Mutations

RustMizan pairs the dataset with an extensible mutation framework. Every mutation is semantically preserving: it changes code syntax without altering program behavior, so the underlying vulnerability is intact but its surface form differs.

Mutations serve two purposes. Contamination mutations break token-level memorization to test whether a model recalls a benchmark rather than reasoning about it. Robustness mutations inject misleading cues to test whether a model resists surface-level deception.

For the before/after form of each mutation, see Mutation specification. For the underlying Rust AST tool, see mizan-mut.

Categories

Mutations are grouped into three categories, which map to the dataset variants used on the Leaderboard.

Contamination (benign)

Strip or rewrite surface syntax so memorized snippets no longer match.

MutationDescription
remove-commentsRemove all Rust comments
format-compactApply compact rustfmt formatting
format-expandedApply expanded rustfmt formatting
mizan-mut-for-to-whileConvert for loops to while loops
mizan-mut-while-to-loopConvert while loops to loop blocks with breaks
mizan-mut-if-else-reorderReorder if-else branches by negating conditions
benign-commentsInsert neutral comments around vulnerable lines
benign-blocksInsert neutral code blocks around vulnerable lines
benign-rename-fnRename functions to neutral names (e.g. fn_1_abc123)
benign-rename-varRename variables to neutral names (e.g. var_1_xyz789)

Robustness (malignant)

Inject adversarial cues that falsely suggest the code is safe.

MutationDescription
malignant-commentsInsert comments falsely suggesting the code is safe
malignant-blocksInsert code blocks falsely suggesting safety
malignant-rename-fnRename functions to safety-implying names (e.g. safe_fn_1)
malignant-rename-varRename variables to safety-implying names (e.g. secure_var_1)

Rust-specific

Structural transformations that leverage Rust syntax, implemented as AST transformations in mizan-mut.

MutationDescription
derive-reorderReorder traits in #[derive(...)] attributes
trait-bound-reorderReorder trait bounds in where clauses
use-reorderReorder items in use statements
arithmetic-identityWrap integer literals with a multiplication identity (N * 1)
explicit-whereAdd an explicit where clause to a signature
explicit-where-to-type-paramsMove simple type bounds from a where clause into the type parameters
rename-lifetimeRename lifetime parameters consistently
impl-trait-to-genericConvert impl Trait bounds into generic parameters
option-wrapWrap expressions in a redundant Some(...).unwrap()
maybeuninit-wrapRound-trip a value through MaybeUninit<T>
manuallydrop-wrapWrap an owned variable in ManuallyDrop, then unwrap it
explicit-returnConvert implicit returns to explicit return statements
unreachable-panicGuard a function body with an unreachable panic!() arm
repeated-shadowingAdd redundant repeated shadows for let bindings

See the specification for before/after examples.

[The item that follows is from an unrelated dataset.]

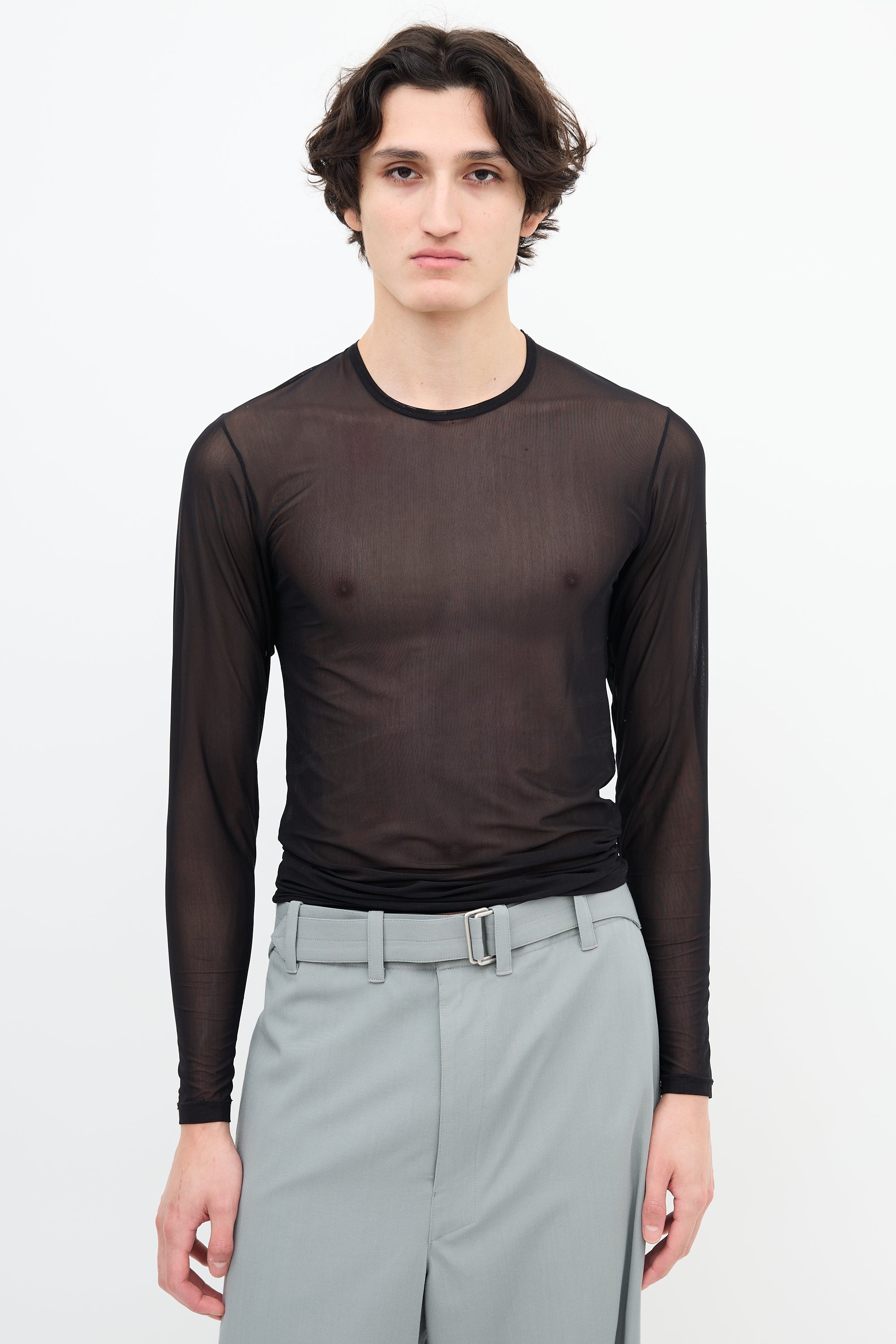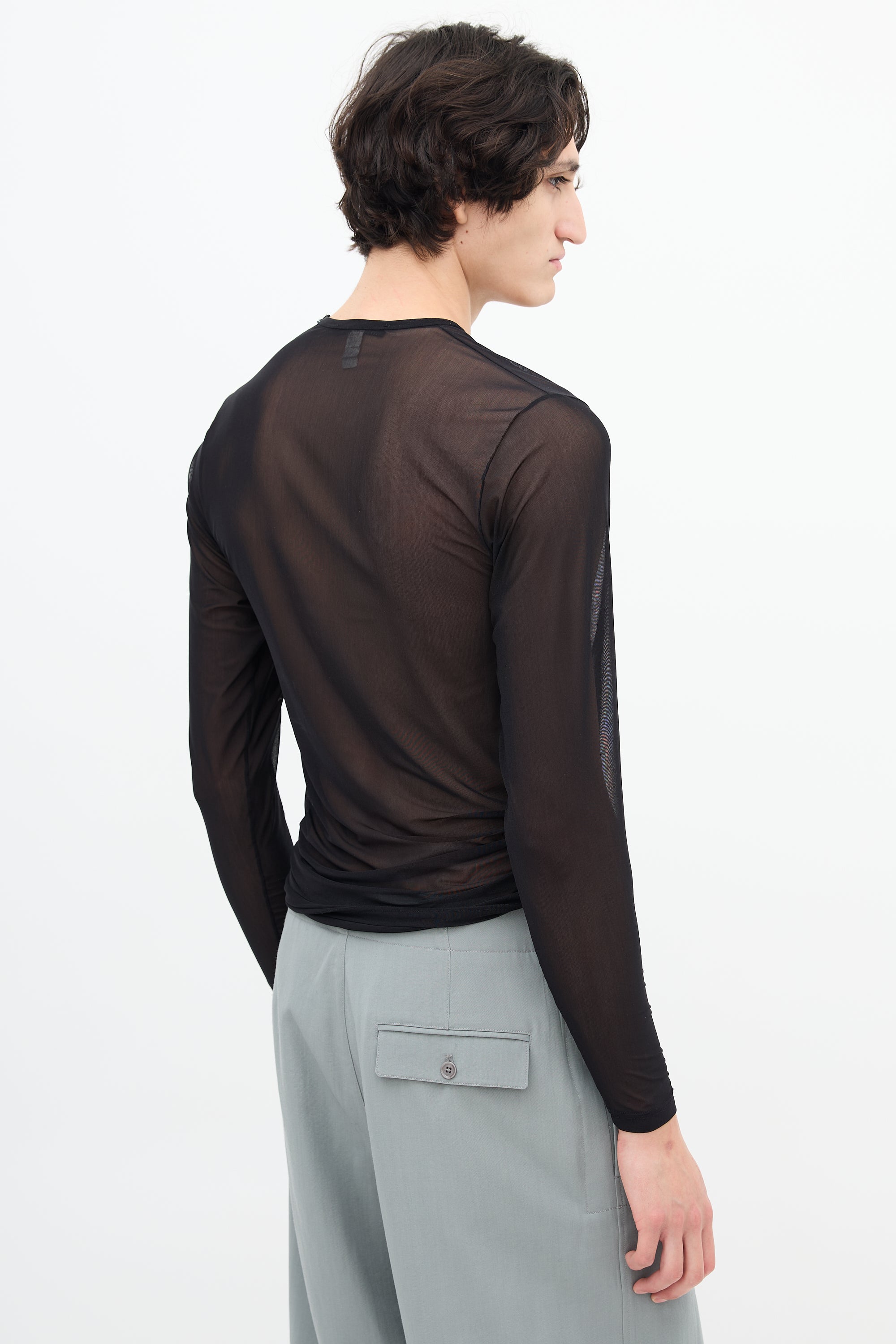 Pre-owned Gucci Spring/Summer 1998 black mesh long sleeve top featuring crew neckline. Unlined. Tom Ford era design

Mutations prefixed with mizan-mut- and all rename mutations call the mizan-mut binary, which must be installed and on your PATH.

The pipeline

For each sample, the framework backs up the original, applies the mutation, then validates that the result still compiles and that the ground truth is preserved. If any step fails, it rolls back to the backup. Successful mutations are saved; the rest are logged.

Mutation pipeline

Ground-truth tracking

Mutations change the ground truth: renaming a function invalidates annotations that reference it by name, and inserting code shifts line numbers. The framework keeps annotations accurate with three mechanisms.

  • Marker tracking. For most mutations, a unique comment marker (e.g. // MIZAN_MARKER_vuln0001) is inserted before each vulnerable line. After the mutation, the marker's new position gives the corrected line number, and the marker is removed.
  • Content-based tracking. AST-based mizan-mut-* mutations remove all comments (including markers) when they parse and regenerate the code, so vulnerable lines are tracked by their content instead. If a line appears multiple times or cannot be found after mutation, that file is excluded and the mutation is re-applied. Such cases are recorded as partial_mutations.
  • Rename tracking. Rename mutations legitimately change line content, so the validator allows content differences for them.

Ground-truth tracking

Output files

  • Updated mizan.json with corrected vulnerable line numbers.
  • mizan_mutations.json logging mutations_applied, skipped (mutations or samples that were skipped), and partial_mutations.

A "successful" mutation means the process completed without error, not that code necessarily changed. Applying for-to-while to code with no for loops succeeds without making changes.

Ordering caveats

Mutations are applied in the order you list them. Be deliberate:

  • Don't run for-to-while then while-to-loop unless you intend to turn for loops into loop blocks.
  • Don't run benign-comments then remove-comments; the inserted comments will be stripped.

To add a new mutation, see Add a mutation.